Records from a collection:
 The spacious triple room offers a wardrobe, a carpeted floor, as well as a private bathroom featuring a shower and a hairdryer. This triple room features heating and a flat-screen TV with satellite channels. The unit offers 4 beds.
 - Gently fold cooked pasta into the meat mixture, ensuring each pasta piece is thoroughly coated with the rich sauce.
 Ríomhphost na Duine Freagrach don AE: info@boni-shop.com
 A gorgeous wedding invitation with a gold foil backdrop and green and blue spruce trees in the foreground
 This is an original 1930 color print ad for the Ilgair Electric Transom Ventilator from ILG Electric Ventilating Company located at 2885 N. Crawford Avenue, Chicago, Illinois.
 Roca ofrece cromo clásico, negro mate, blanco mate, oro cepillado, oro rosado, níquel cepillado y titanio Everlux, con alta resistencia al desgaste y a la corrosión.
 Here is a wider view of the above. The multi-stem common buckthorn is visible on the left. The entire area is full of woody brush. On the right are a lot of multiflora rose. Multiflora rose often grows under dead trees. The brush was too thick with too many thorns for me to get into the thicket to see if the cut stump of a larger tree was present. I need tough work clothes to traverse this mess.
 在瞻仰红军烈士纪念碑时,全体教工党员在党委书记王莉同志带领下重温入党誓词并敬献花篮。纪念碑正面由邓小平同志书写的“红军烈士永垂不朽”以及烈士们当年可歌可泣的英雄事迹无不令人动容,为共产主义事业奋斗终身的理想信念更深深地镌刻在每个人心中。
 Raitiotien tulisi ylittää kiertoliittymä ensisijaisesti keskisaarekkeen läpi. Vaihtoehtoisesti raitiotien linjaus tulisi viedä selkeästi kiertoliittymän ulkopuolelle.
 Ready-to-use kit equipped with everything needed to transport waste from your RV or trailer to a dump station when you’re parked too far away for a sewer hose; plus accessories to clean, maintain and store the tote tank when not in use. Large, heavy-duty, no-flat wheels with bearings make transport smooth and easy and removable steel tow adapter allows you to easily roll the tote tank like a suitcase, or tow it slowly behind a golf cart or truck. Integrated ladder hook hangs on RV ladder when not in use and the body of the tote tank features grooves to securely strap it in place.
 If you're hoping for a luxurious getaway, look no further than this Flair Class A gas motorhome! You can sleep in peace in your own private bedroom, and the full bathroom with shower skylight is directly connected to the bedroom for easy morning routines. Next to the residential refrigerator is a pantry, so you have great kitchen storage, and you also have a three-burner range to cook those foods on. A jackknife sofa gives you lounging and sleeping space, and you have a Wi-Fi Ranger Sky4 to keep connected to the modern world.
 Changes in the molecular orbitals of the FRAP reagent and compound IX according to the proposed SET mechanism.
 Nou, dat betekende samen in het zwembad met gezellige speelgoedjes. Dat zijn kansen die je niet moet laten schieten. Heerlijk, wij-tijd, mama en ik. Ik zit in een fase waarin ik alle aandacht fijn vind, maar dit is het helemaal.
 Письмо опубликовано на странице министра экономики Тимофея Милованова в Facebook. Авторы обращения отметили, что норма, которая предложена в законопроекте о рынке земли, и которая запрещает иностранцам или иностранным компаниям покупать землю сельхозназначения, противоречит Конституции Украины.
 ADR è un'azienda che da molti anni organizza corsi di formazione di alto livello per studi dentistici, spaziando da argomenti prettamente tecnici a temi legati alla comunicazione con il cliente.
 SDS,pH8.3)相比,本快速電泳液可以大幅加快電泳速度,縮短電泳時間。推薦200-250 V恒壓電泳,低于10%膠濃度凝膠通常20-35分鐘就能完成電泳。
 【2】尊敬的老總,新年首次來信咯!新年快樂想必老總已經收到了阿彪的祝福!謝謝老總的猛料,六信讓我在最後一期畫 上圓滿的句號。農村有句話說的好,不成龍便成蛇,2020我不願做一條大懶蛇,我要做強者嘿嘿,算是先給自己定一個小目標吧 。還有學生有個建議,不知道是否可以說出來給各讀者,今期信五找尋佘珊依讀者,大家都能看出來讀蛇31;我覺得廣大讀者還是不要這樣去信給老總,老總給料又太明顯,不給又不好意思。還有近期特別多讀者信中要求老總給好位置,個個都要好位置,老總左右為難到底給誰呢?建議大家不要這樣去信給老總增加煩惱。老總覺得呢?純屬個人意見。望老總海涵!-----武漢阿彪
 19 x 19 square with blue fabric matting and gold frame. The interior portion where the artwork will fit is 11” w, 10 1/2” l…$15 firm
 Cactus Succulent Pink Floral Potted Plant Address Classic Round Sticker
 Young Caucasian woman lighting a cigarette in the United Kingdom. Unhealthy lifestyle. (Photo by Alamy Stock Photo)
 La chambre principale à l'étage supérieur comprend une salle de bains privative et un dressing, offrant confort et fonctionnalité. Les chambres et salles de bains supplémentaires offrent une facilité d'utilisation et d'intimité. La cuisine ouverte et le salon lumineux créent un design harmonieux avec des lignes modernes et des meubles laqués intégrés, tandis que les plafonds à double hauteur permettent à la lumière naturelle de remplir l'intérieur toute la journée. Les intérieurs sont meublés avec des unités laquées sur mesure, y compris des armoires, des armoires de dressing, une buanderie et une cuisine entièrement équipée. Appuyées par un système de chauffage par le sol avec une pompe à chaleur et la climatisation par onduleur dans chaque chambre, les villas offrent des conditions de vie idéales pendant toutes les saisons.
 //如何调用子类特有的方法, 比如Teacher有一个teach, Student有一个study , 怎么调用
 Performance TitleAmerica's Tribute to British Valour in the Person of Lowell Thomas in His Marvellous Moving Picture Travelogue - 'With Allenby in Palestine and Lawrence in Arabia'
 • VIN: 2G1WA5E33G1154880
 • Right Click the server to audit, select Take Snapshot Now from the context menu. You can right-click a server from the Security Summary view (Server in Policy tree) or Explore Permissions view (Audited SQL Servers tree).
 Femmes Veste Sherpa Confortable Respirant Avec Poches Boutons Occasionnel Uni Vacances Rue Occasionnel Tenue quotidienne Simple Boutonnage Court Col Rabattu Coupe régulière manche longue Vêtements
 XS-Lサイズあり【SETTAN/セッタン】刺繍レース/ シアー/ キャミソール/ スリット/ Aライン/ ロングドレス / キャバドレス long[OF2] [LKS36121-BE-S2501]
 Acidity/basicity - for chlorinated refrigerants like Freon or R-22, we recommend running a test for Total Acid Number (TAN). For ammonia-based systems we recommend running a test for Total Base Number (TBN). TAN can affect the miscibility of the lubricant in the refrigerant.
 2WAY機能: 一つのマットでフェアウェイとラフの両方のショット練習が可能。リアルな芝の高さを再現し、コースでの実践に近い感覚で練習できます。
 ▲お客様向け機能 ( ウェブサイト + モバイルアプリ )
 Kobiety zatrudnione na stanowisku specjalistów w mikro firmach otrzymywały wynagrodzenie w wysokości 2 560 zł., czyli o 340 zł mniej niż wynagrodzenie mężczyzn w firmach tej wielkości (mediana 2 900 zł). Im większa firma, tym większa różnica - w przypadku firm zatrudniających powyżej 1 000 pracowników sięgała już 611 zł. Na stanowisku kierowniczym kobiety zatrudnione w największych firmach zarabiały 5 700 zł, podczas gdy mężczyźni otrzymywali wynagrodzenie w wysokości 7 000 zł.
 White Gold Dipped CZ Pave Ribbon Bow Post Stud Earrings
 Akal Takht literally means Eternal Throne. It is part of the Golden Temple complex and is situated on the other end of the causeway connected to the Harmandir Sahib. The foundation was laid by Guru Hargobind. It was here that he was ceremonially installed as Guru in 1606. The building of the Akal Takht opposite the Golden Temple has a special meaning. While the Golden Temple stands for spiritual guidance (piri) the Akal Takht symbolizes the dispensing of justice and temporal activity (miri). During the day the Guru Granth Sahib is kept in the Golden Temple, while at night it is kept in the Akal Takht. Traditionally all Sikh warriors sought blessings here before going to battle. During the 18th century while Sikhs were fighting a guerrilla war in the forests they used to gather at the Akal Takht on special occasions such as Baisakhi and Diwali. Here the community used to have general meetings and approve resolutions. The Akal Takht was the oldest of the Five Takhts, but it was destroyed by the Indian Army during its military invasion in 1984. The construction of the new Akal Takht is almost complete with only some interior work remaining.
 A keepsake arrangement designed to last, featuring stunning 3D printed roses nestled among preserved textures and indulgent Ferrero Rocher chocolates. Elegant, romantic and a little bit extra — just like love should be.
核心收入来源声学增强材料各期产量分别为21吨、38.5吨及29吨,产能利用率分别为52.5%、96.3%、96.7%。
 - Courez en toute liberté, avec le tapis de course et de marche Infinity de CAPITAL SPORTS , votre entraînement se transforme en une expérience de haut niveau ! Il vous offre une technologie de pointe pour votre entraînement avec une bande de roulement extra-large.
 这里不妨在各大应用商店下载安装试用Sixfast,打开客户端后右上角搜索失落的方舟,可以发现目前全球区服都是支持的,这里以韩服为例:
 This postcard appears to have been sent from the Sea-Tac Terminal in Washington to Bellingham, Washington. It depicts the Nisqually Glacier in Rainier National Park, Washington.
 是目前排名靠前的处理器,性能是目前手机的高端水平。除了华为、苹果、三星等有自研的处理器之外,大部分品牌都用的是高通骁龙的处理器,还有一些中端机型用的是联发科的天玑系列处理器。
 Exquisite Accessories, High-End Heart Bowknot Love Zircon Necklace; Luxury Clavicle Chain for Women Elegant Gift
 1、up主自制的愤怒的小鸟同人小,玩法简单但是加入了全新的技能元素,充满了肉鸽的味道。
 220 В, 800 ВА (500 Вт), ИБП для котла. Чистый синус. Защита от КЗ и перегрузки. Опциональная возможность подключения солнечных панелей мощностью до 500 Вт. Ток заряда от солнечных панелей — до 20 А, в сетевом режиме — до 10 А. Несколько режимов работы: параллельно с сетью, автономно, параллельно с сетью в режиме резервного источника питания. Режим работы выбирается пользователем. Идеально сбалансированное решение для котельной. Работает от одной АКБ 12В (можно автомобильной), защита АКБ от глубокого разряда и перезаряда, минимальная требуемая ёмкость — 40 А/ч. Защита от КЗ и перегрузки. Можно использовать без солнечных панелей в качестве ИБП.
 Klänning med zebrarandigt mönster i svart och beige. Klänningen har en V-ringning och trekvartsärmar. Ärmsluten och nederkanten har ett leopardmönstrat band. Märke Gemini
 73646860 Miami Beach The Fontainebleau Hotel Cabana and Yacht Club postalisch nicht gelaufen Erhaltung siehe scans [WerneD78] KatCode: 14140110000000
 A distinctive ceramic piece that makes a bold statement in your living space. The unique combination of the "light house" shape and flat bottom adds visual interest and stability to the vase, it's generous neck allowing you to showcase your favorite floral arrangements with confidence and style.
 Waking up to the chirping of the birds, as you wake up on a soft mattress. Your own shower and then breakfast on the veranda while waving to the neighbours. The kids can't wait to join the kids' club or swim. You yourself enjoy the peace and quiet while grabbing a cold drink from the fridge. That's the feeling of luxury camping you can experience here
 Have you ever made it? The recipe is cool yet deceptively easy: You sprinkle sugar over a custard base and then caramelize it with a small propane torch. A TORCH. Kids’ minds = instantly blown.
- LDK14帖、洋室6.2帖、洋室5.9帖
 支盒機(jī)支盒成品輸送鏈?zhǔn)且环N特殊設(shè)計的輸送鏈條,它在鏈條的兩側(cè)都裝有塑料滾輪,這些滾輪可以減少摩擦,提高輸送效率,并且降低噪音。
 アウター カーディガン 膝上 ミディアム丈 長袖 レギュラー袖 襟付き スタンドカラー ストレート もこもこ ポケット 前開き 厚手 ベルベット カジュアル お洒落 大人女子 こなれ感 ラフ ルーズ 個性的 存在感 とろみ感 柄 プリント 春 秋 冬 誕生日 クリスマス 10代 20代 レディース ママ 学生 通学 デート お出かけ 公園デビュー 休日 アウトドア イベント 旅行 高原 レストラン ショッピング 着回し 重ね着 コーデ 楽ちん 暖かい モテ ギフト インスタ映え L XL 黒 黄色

Problem: In the entries above, find the line holding "1、up主自制的愤怒的小鸟同" and the line holding "A distinctive ceramic", then retype exactly those two lines and every line between them, and nothing else.

Response below:
 1、up主自制的愤怒的小鸟同人小,玩法简单但是加入了全新的技能元素,充满了肉鸽的味道。
 220 В, 800 ВА (500 Вт), ИБП для котла. Чистый синус. Защита от КЗ и перегрузки. Опциональная возможность подключения солнечных панелей мощностью до 500 Вт. Ток заряда от солнечных панелей — до 20 А, в сетевом режиме — до 10 А. Несколько режимов работы: параллельно с сетью, автономно, параллельно с сетью в режиме резервного источника питания. Режим работы выбирается пользователем. Идеально сбалансированное решение для котельной. Работает от одной АКБ 12В (можно автомобильной), защита АКБ от глубокого разряда и перезаряда, минимальная требуемая ёмкость — 40 А/ч. Защита от КЗ и перегрузки. Можно использовать без солнечных панелей в качестве ИБП.
 Klänning med zebrarandigt mönster i svart och beige. Klänningen har en V-ringning och trekvartsärmar. Ärmsluten och nederkanten har ett leopardmönstrat band. Märke Gemini
 73646860 Miami Beach The Fontainebleau Hotel Cabana and Yacht Club postalisch nicht gelaufen Erhaltung siehe scans [WerneD78] KatCode: 14140110000000
 A distinctive ceramic piece that makes a bold statement in your living space. The unique combination of the "light house" shape and flat bottom adds visual interest and stability to the vase, it's generous neck allowing you to showcase your favorite floral arrangements with confidence and style.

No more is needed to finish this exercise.